Most drivers know the rules of the road from all the other places and keep them in mind when encountering such a situation as these towns. But what happens when these become the norm and the protocols aren't there, and there is only so much "unsafe driving" I can take before I start to feel comfortable and hit the pedal.
Protocal is there for a reason.
Don't get me wrong, I would love to have them do away with all the speed limits in the US that are under 10mph of reality, just so the coppers can ticket you when they want..... but to swing to the other extreme makes no sense.
And imagine the mess when the courts are faced with accident where there was no clear protocol. Who is in the right? Who is in the wrong?
I think I'll need an armored car too.
I can't see this idea getting traction in the U.S.

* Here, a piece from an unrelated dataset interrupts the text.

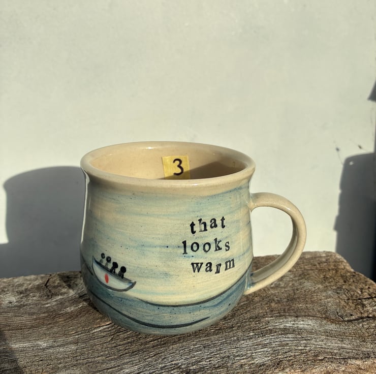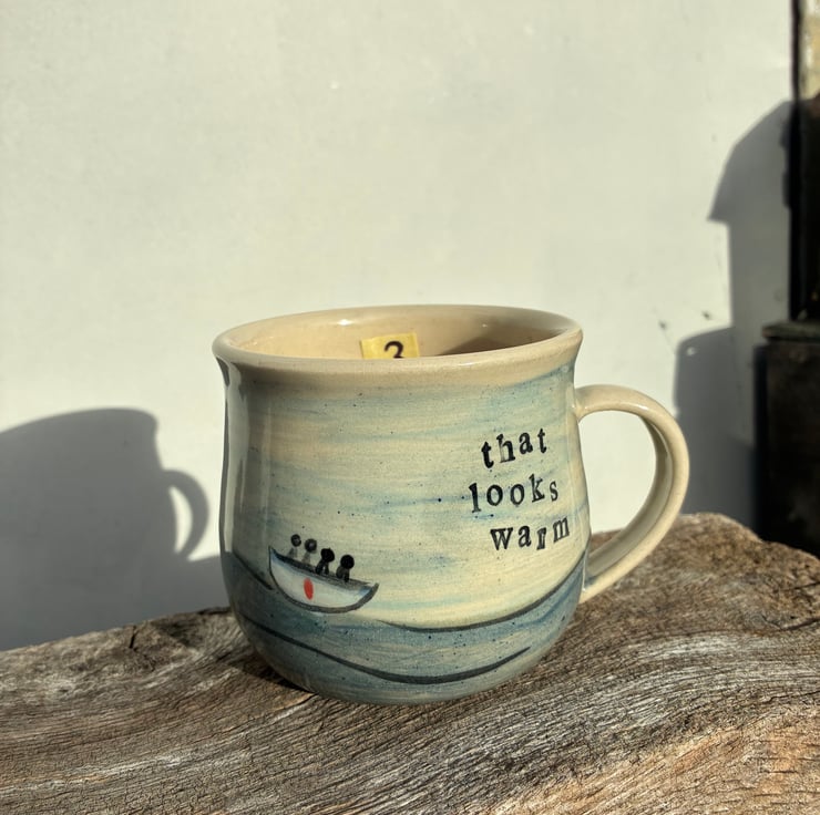 Inspired by an episode of the inbetweeners, this mug has a hand painted seascape with figures in a boat, inlaid lettering on both sides and additional lettering as well as a painted fish inside of the mug.

The author obviously has never driven in the DC moetropolitan area.
--MAB
If this was to happen in the U.S. I know that a few of my friends would be liking it. The underground street racing crowd would love this.
Do you know what per capita means?
This article is about roundabouts, which is basically a wheel intersection where each incoming spoke or road yields to traffic already on the wheel in the middle. It's not that you don't have traffic signals, it's that you've reduced everything to a yield. Think of it as a nonblocking I/O where nobody gets an exclusive lock on the intersection. Unless that makes less sense, then ignore that analogy.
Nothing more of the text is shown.